**Data shown**:

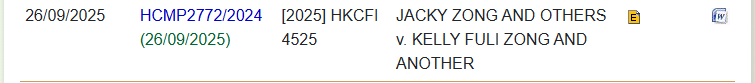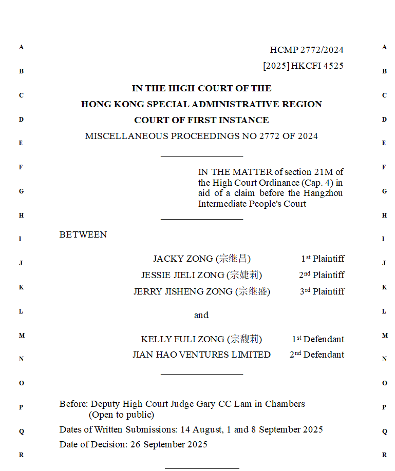 2024年12月,宗继昌等原告三人在中国杭州中院提起诉讼,要求确认其对被告控制的汇丰银行账户资产享有信托权益。为协助诉讼,原告向香港法院申请临时禁令及披露令,以防止处于香港汇丰银行的资产被转移。
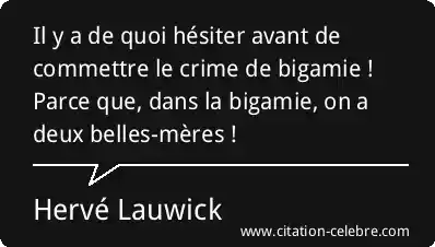 Il y a de quoi hésiter avant de commettre le crime de bigamie ! Parce que, dans la bigamie, on a deux belles-mères !
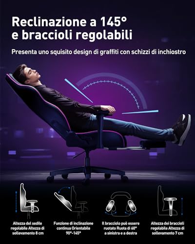 AutoFull Graffiti Sedia da Gaming con Poggiapiedi,Sedia da corsa in pelle super morbida PU resistente all'usura regolabile a dondolo con ricamo di supporto lombare e poggiapiedi, viola
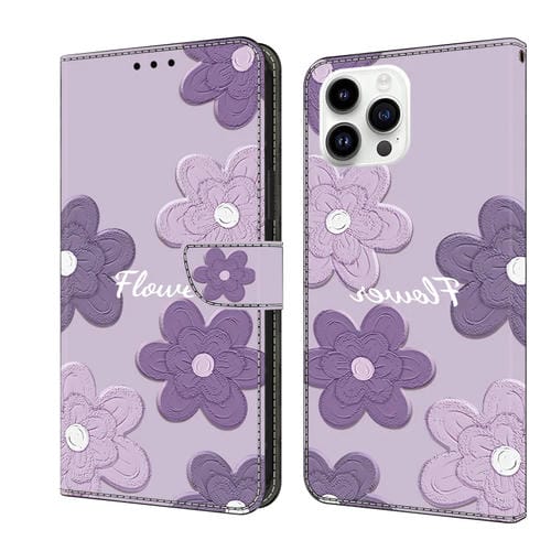 Funda de Cuero Pintada a Mano para iPhone 16 Pro Max con Flores (Morado Oscuro)
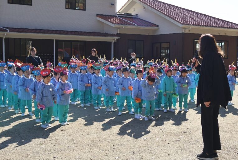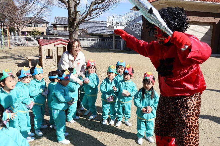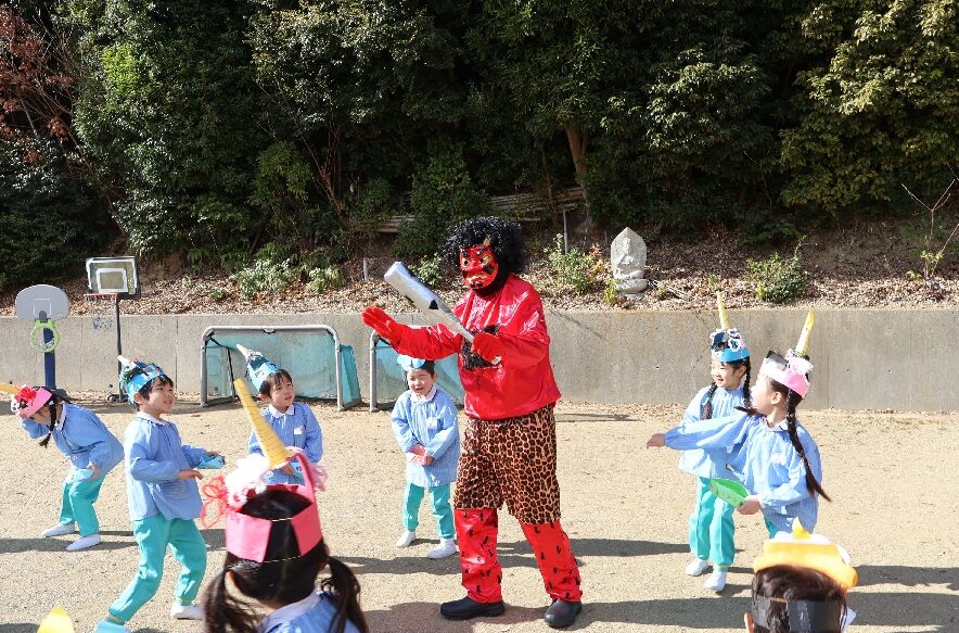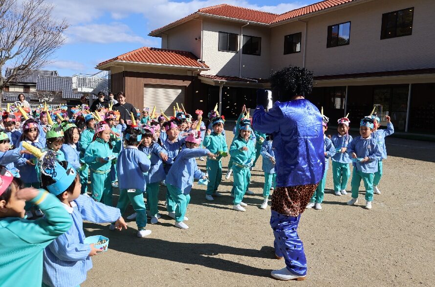 豆まき👹 (第2すずかきしおか幼稚園) 2026.2.4 2月3日は節分でしたね。 この日は幼稚園でも園庭で豆まきを行いました。 自分で作った鬼のお面をかぶり、 もうすぐ鬼が来るという緊張感の中、 園長先生のお話を聞きます。 先生から豆を配ってもらって、いよいよ豆まきのスタートです! やって来たのは青鬼と赤鬼👹 「おにはそと~」と勇敢に豆をまく子どもたち。 豆がなくなると、慌てて逃げて、先生の後ろに隠れるお友だちも。 最後はお山に帰っていく鬼たちにみんなで手をふってお別れしましたよ👋
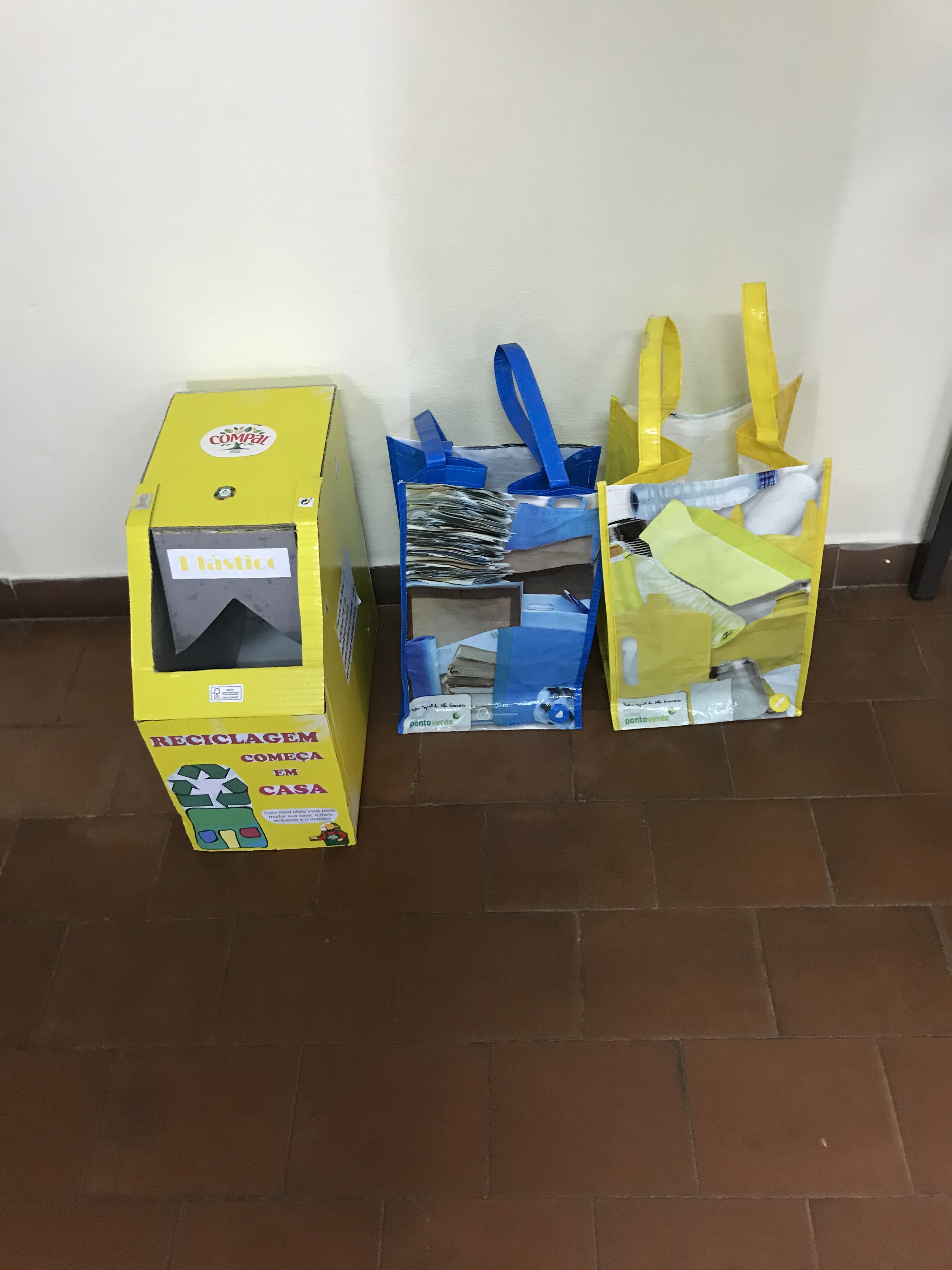 As professoras de Ciências Naturais e Educação Visual, durante o segundo período fizeram uma articulação curricular com o Projeto Eco-Escolas. Todos os alunos da turma do 8º G executaram a planificação e a construção de um Ecoponto Amarelo. Esta articulação a nível de Ciências Naturais integrou o conteúdo programático “Equilíbrio nos Ecossistemas” e na disciplina de Educação Visual integrou o conteúdo "Planificação de sólidos geométricos (Reconhecimento da diferença entre polígono e poliedro - Descrição dos elementos de construção de poliedros: faces, arestas e vértices". Toda a fase de planificação e construção dos ecopontos amarelos foi executada pelos alunos com a ajuda dos E. Educação durante o E@D. Este ecoponto foi construído reutilizando cartão, colado com cola e fita cola e pintados com tinta amarela de spray. Na disciplina de Educação visual foi avaliada toda a planificação do Ecoponto e na disciplina de Ciências Naturais, avaliou-se a criatividade na construção da frase que apela à reciclagem e a criatividade na construção do Ecoponto como um todo.
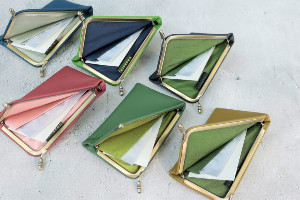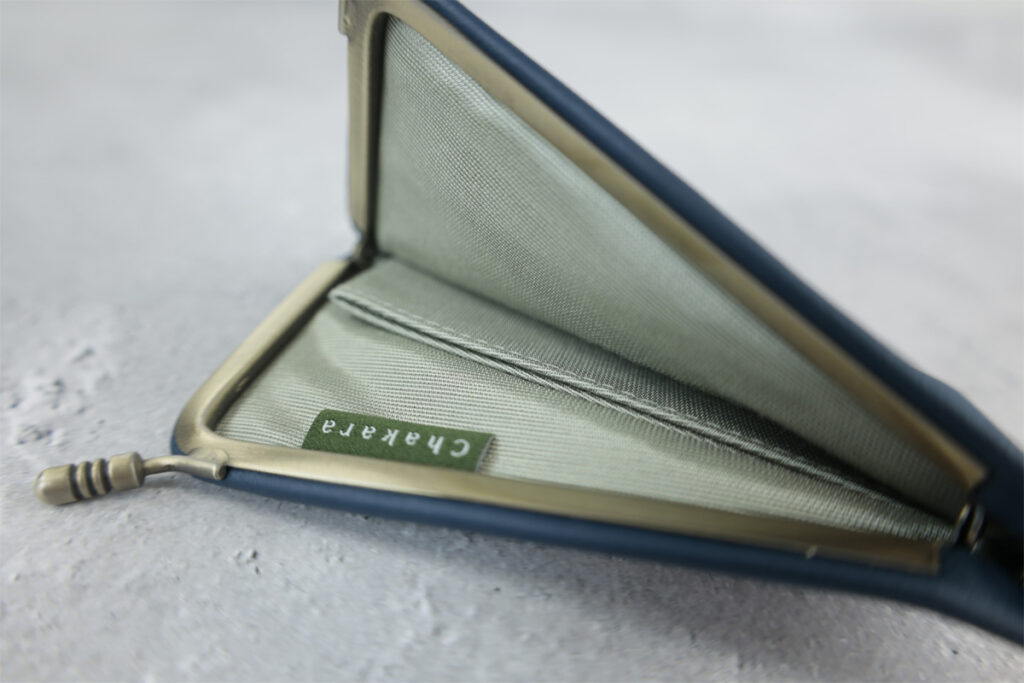 出し入れしやすいがま口を採用。薄いので持ち運びにも便利。
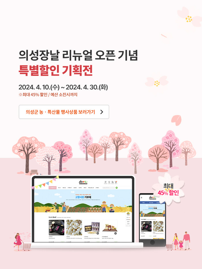 이에 따라 오는 4월 30일까지 의성장날 새단장 기념 고객감사 기획전을 추진, 전 품목 최대 45% 할인 프로모션을 진행하며 1년이상 구매이력이 없는 비활동 회원을 대상으로 5천원 할인쿠폰을 지급한다.
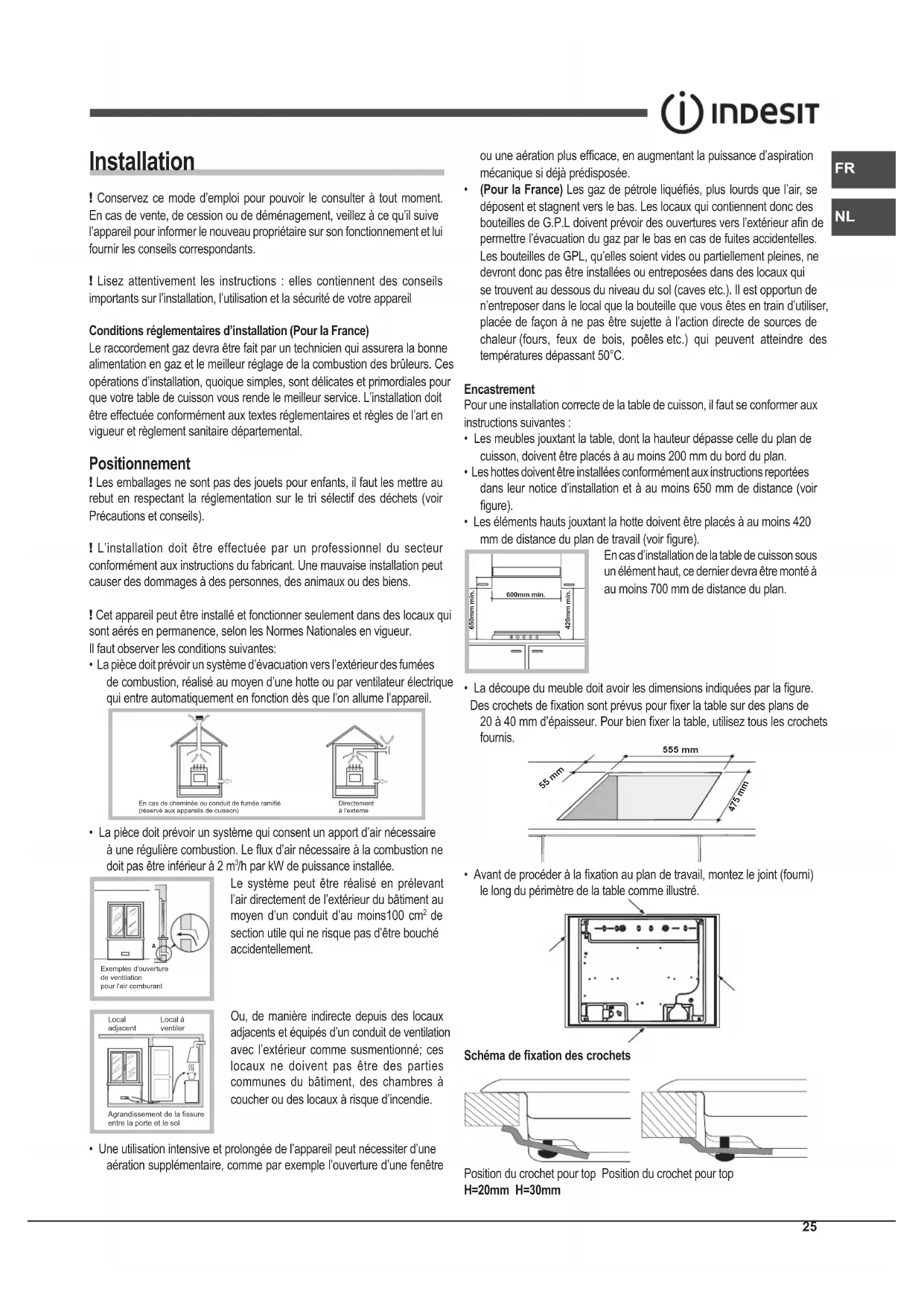 - La découpe du meuble doit avoir les dimensions indiquées par la gure. Des crochets de xation sont prévus pour xer la table sur des plans de 20 à 40 mm d’épaisseur. Pour bien xer la table, utilisez tous les crochets fournis. 555 mm 55 mm 475 mm
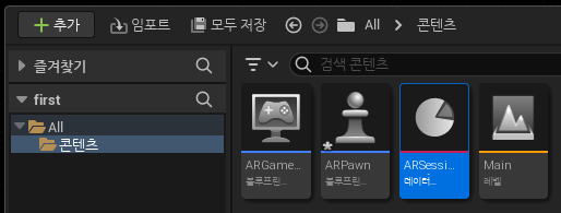 다시 우클릭 해서 Start AR Session을 추가합니다.

**Work item**:
Give exactly those lines of the listing that run from its first line through the line with "Il y a de quoi", leaving each picture out.

**Written response**:
 2024年12月,宗继昌等原告三人在中国杭州中院提起诉讼,要求确认其对被告控制的汇丰银行账户资产享有信托权益。为协助诉讼,原告向香港法院申请临时禁令及披露令,以防止处于香港汇丰银行的资产被转移。
 Il y a de quoi hésiter avant de commettre le crime de bigamie ! Parce que, dans la bigamie, on a deux belles-mères !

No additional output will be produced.